The other day, I caught a post on Signal Vs. Noise about using Automator in OS X to grab your favorite newspaper’s front pages from Newseum as PDFs and join them. This sounded like a great idea, so I set out to do just that.
Unfortunately for me, this particular workflow only works in OS X 10.5, and I have yet to upgrade my iMac past 10.4.11.

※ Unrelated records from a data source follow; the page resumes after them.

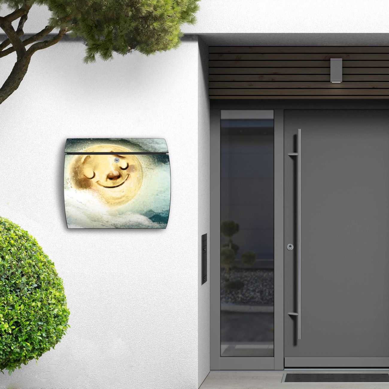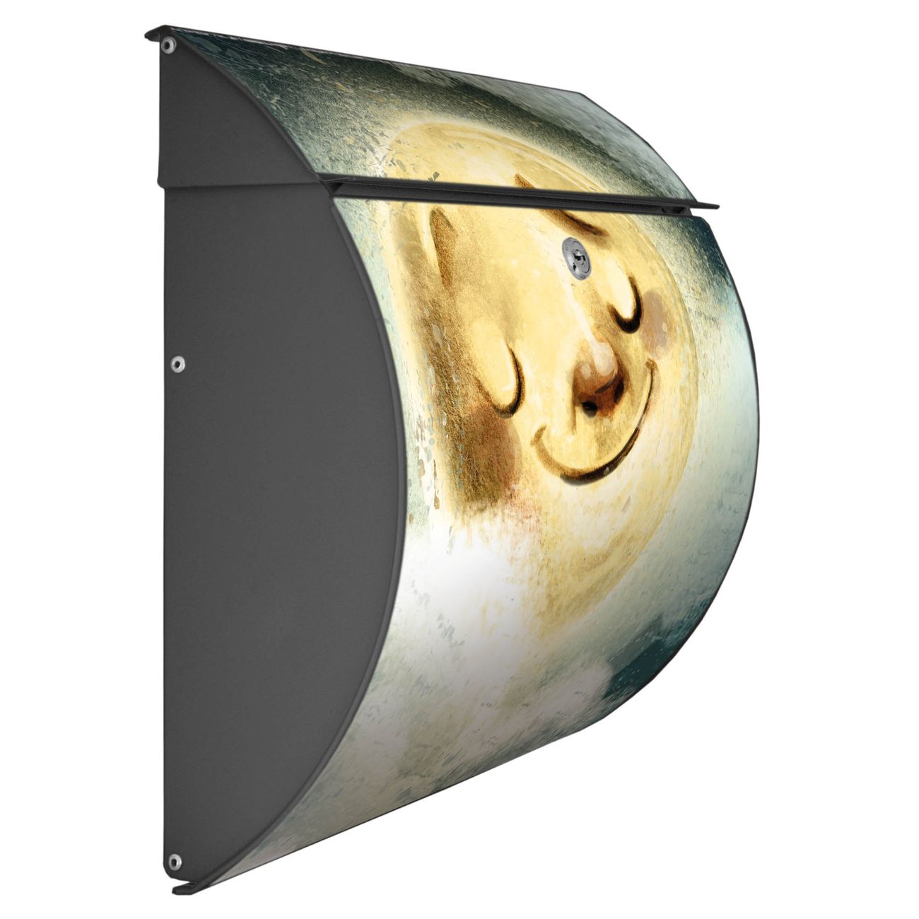 FUNKTION: DESIGN: Das Burg Wächter Modell Toscana mit Motiv Glücksmond hat ein sehr ansprechendes und zeitloses Design und ist besonderes wetterfest. Heben Sie Sich von der tristen grauen Masse ab, ohne auf Funktionalität zu verzichten. Wir bieten Ihnen ebenfalls Namensschilder, bereits beschriftet oder frei zu beschriften, und verschiedene selbst gestaltete Bitte-Keine-Werbung-Aufkleber. DETAILS: Der Postkasten besteht aus vollflächig verzinktem Stahl welcher in Anthrazit oder Weiß lackiert wurde oder aus Edelstahl (je nach gewählter Variante). Das Motiv besteht aus einer wetter- und UV-festen Folie, die mit einem Schutzlaminat überzogen ist, durch die Ihren Briefkasten zusätzlich vor Kratzern geschützt ist und auf den Briefkasten kaschiert wurde. Sie erhalten zu Ihrem neuen Design Briefkasten 2 Schlüssel sowie das passende Montagematerial. BANJADO: Ihr Briefkasten wird von Burg Wächter in Deutschland gefertigt und in unserer kleinen Manufaktur von Hand veredelt. Die Motivfolie ist lösungsmittelfrei und schutzlaminiert, dies sorgt für einen langen Halt. Wir legen großen Wert auf die Verbindung von Funktionalität und Design. Sie erhalten besondere Handarbeit aus Sachsen und Made in Germany.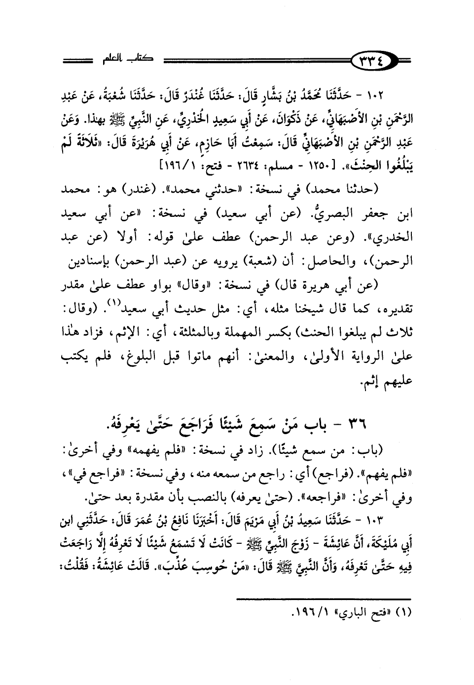 (باب: من سمع شيئًا). زاد في نسخة: "فلم يفهمه" وفي أخرى: "فلم يفهم". (فراجع) أي: راجع من سمعه منه، وفي نسخة: "فراجع في "، وفي أخرى: "فراجعه". (حتى يعرفه) بالنصب بأن مقدرة بعد حتى.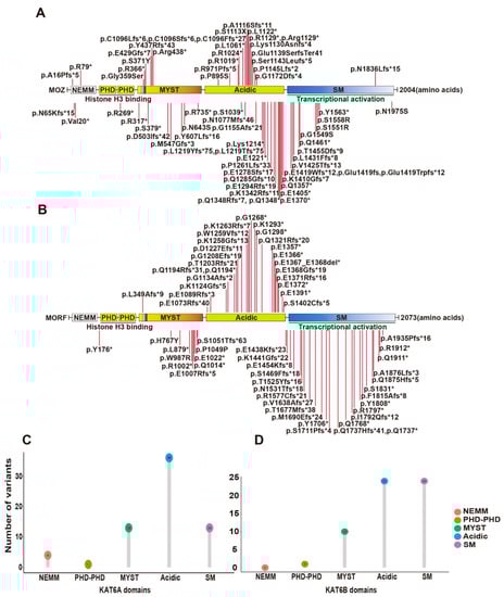 KAT6A and KAT6B were originally identified as genes rearranged in leukemia [17,31]. Later, they were also reported to be mutated in patients with intellectual disability and neurodevelopmental disorders [36,37,118,119,120,121,122,123,124]. A recent study summarized 61 KAT6A variants from 76 patients [123]. Syndromes of 100% penetrance include intellectual disability and speech delay. The protein domains of KAT6A include a NEMM domain (aa 1-206), two PHD domains (aa 207-313), an MYST domain (aa 314-787), an acidic domain (aa 788-1414) and a Ser/Met domain (aa 1414-2004) (Figure 3A). The 61 variants were located spanning all domains (Figure 3A,C). Individuals with truncating mutations located in exons 16–17 of KAT6A showed more prevalent and severe ID.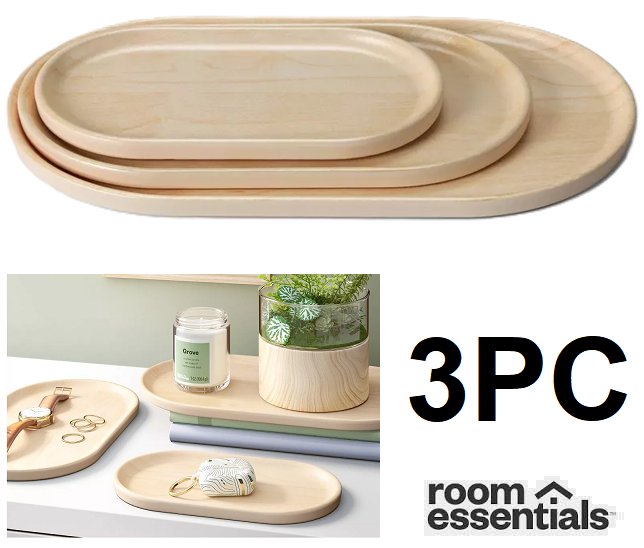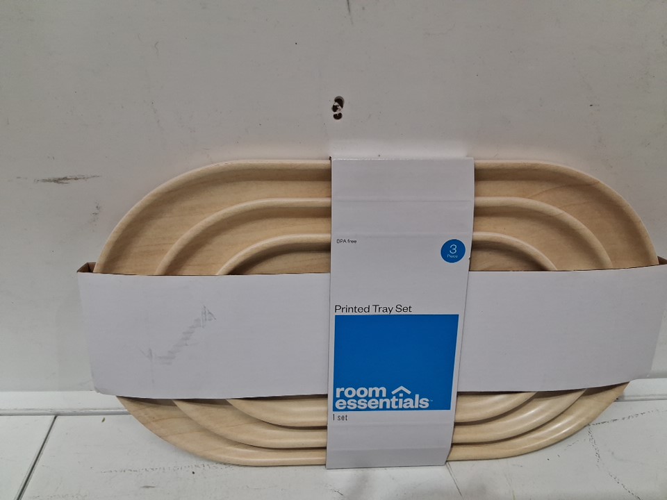 3pk Room Essentials PRINTED Melamine Tray SET - BEIGE/BROWN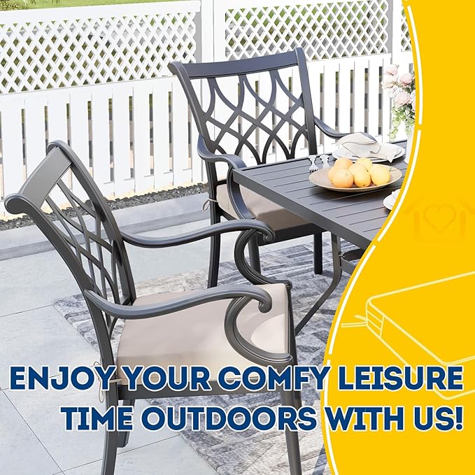- Wide Use & Tips: These outdoor dining chair cushions fit pools, patios, balconies, decks, backyards, and gazebos. Foam inserts and covers are packed separately in bags and placed in one box—check all parts. Easy assembly required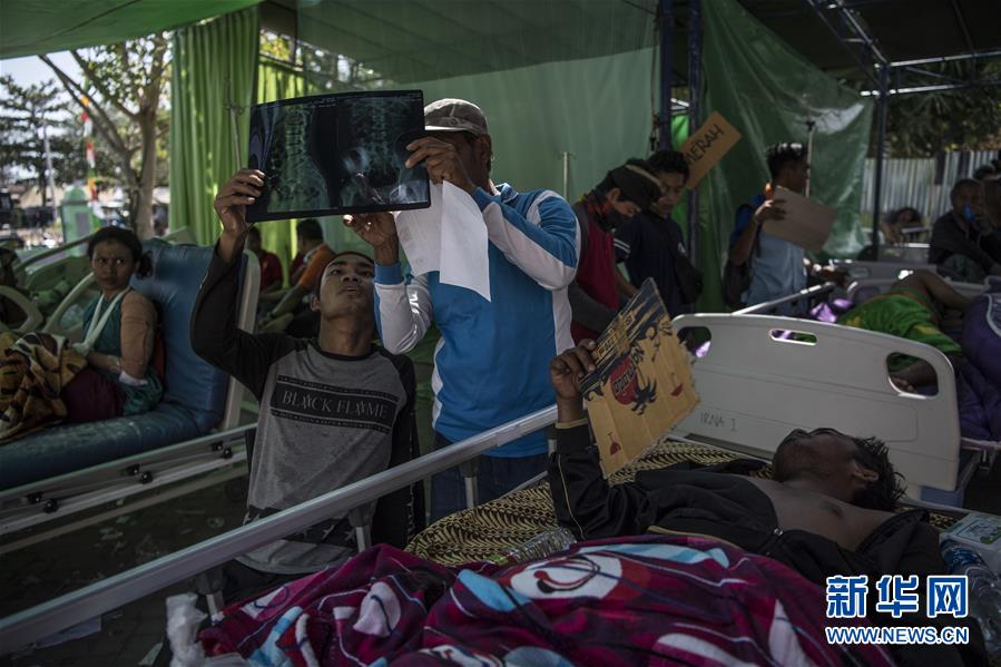 8月8日,在印度尼西亚龙目岛地震灾区,因医院倒塌,灾民在帐篷内接受治疗。 新华社记者吕小炜摄

Undaunted, I replicated the same thing in perl. It turns out that the “Combine PDF Pages” automator action is a simple Python script. It looked semi-useful on its own, so I copied it from its normal home (/System/Library/Automator/Combine PDF Pages.action/Contents/Resources/) to my personal bin directory for good measure. Perl source follows… please note that the >’s are rendering as literal >’s. Silly Code Highlighter!
#! /usr/bin/perl -w
use locale;
use strict;
use warnings;
#############################
# [01-31] [yyyy-mm-dd]
my ($day, $date, $tmpdir, $tojoin) =
(`date +%d`, `date +%F`, '/Users/shelton/tmp', '');
chomp($day); chomp($date);
my ($join) =
("python /Users/shelton/bin/join.py -o '/Users/shelton/Desktop/$date.pdf'");
########################
# Define PDF Links Here
#
my (%papers) = (
# Boston Globe
0=>"http://www.newseum.org/media/dfp/pdf$day/MA_BG.pdf",
# Chicago Tribune
1=>"http://www.newseum.org/media/dfp/pdf$day/IL_CT.pdf",
# Buffalo News
2=>"http://www.newseum.org/media/dfp/pdf$day/NY_BN.pdf",
# NY Times
3=>"http://www.newseum.org/media/dfp/pdf$day/NY_NYT.pdf",
# Wall Street Journal
4=>"http://www.newseum.org/media/dfp/pdf$day/WSJ.pdf"
);
######################################
# Loop through %papers
# -> Determine tmp output file
# -> Download the File
# -> Add file to string for join cmd
#
foreach my $page (sort(keys %papers)) {
my $output = "" . $tmpdir . "/" . $page . ".pdf";
`wget -q -O $output $papers{$page}`;
$tojoin .= "'" . $output . "' ";
}
##################
# Join The Files!
#
`$join $tojoin`;
#############################
# Delete All Downloaded PDFs
#
foreach my $file (sort(keys %papers)) {
my $rm = "" . $tmpdir . "/" . $file . ".pdf";
`rm -f $rm`;
}
I suppose I could have picked more interesting papers (like, for instance, the Amazônia Hoje from Belém, Brazil). I stuck to papers from my current and previous home towns (and the NYC area, because they have interesting papers). Boring? I know…
I run this daily from cron at about 7am. Of note, I also redirect all output of the script to /dev/null because the python script throws a ton of meaningless errors that don’t mar the output.